[Data shown — start]
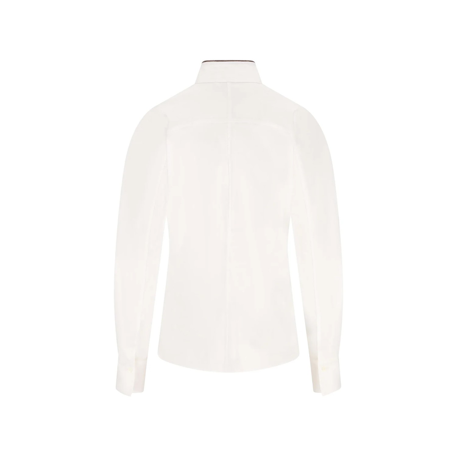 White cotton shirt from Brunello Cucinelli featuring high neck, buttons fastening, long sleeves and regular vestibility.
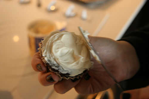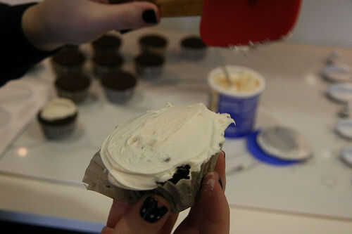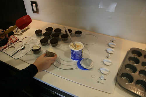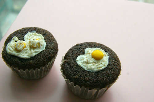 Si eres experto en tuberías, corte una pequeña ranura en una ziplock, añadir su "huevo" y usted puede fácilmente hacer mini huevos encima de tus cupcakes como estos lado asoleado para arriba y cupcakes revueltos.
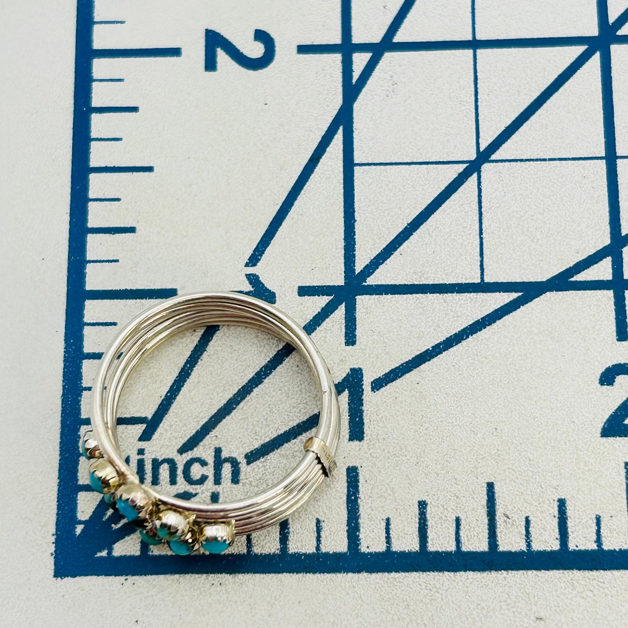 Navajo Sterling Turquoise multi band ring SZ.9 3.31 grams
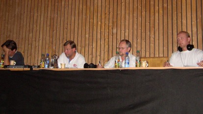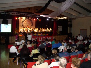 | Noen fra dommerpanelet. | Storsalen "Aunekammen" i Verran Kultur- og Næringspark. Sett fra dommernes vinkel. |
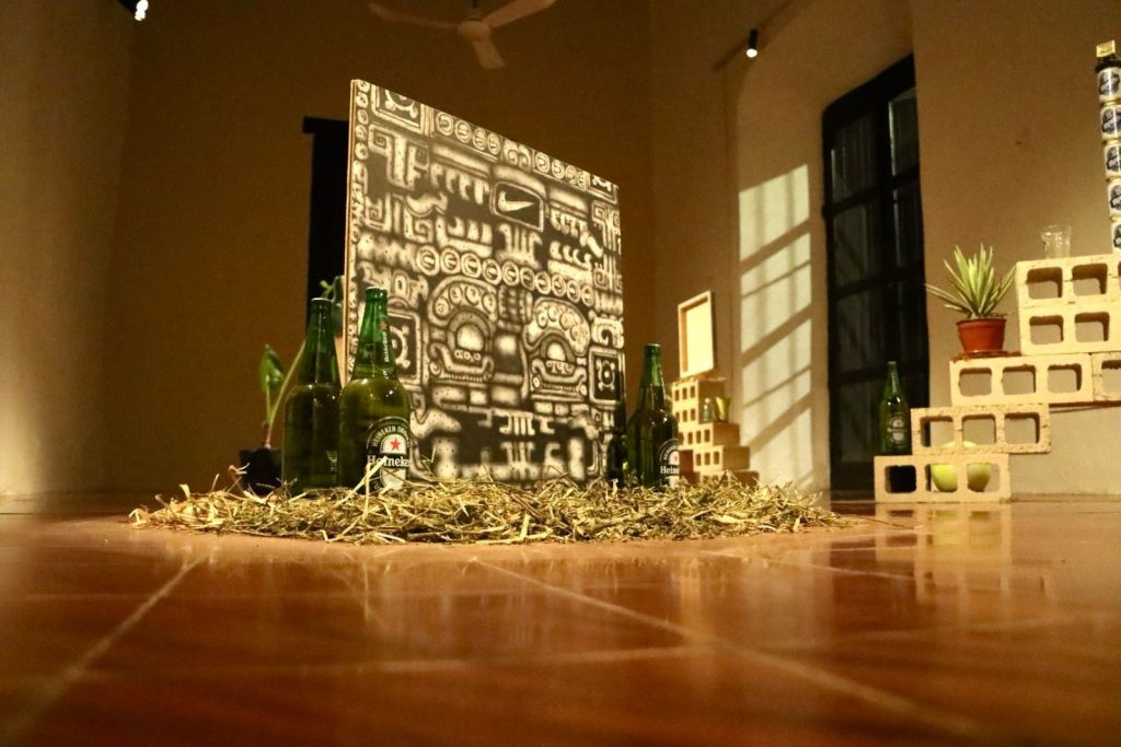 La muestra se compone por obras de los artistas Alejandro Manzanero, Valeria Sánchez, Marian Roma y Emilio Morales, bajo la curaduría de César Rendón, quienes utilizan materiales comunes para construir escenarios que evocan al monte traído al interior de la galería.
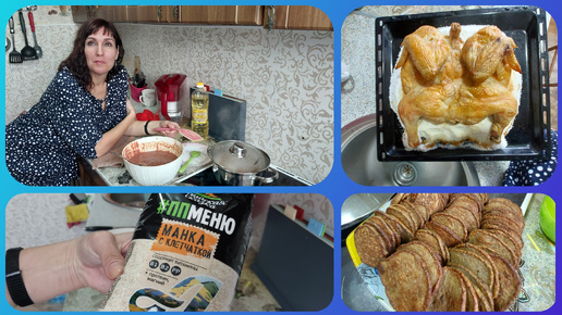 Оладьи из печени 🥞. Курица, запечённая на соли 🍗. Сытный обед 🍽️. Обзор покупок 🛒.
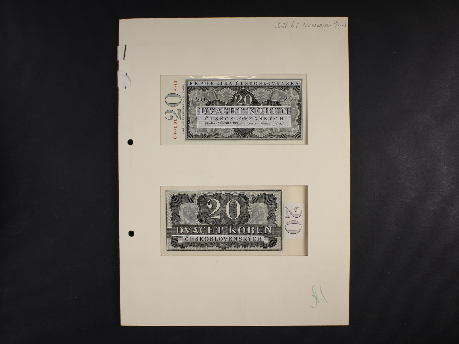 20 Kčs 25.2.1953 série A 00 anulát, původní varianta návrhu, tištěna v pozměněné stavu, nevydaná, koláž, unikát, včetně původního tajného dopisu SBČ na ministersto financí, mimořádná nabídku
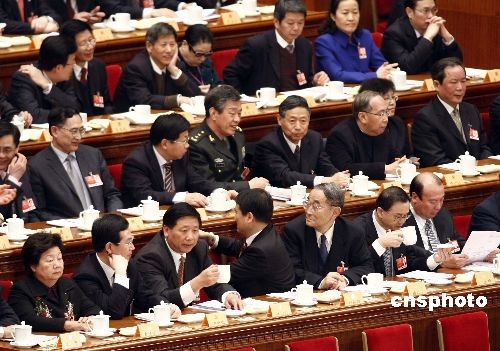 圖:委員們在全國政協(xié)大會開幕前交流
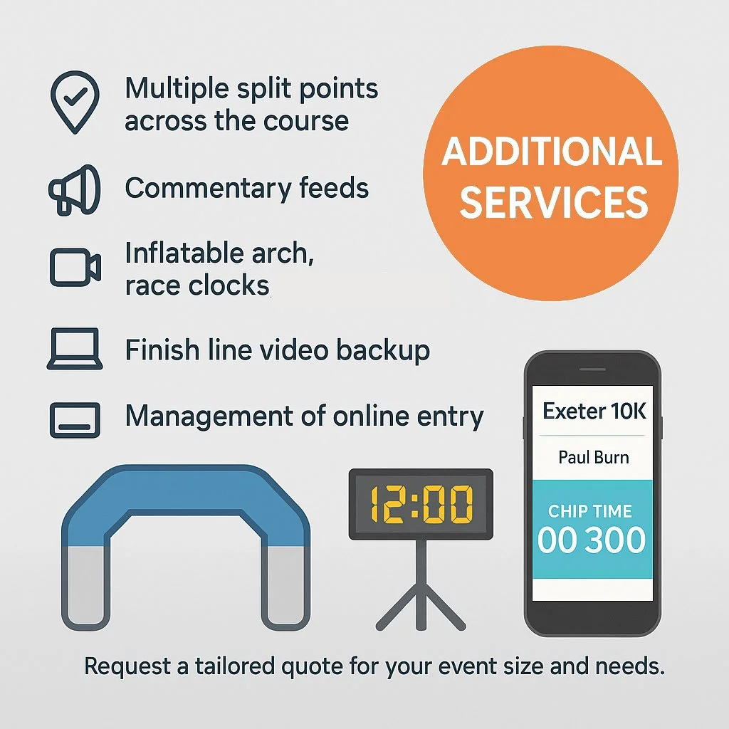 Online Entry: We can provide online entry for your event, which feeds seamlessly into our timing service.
[Data shown — finish]
[Data shown — start]
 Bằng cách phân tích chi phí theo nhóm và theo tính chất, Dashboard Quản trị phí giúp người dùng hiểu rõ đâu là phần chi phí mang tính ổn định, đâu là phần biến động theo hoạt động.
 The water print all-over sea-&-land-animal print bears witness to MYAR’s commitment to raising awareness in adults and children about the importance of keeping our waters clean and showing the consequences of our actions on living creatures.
[Data shown — finish]
◆ **Task**
Only the lines above starting with the line with "20 Kčs 25.2.1953" and going on through the line with "Online Entry: We" belong in the answer; repeat them exactly, minus any picture.

◆ **Reply**
 20 Kčs 25.2.1953 série A 00 anulát, původní varianta návrhu, tištěna v pozměněné stavu, nevydaná, koláž, unikát, včetně původního tajného dopisu SBČ na ministersto financí, mimořádná nabídku
 圖:委員們在全國政協(xié)大會開幕前交流
 Online Entry: We can provide online entry for your event, which feeds seamlessly into our timing service.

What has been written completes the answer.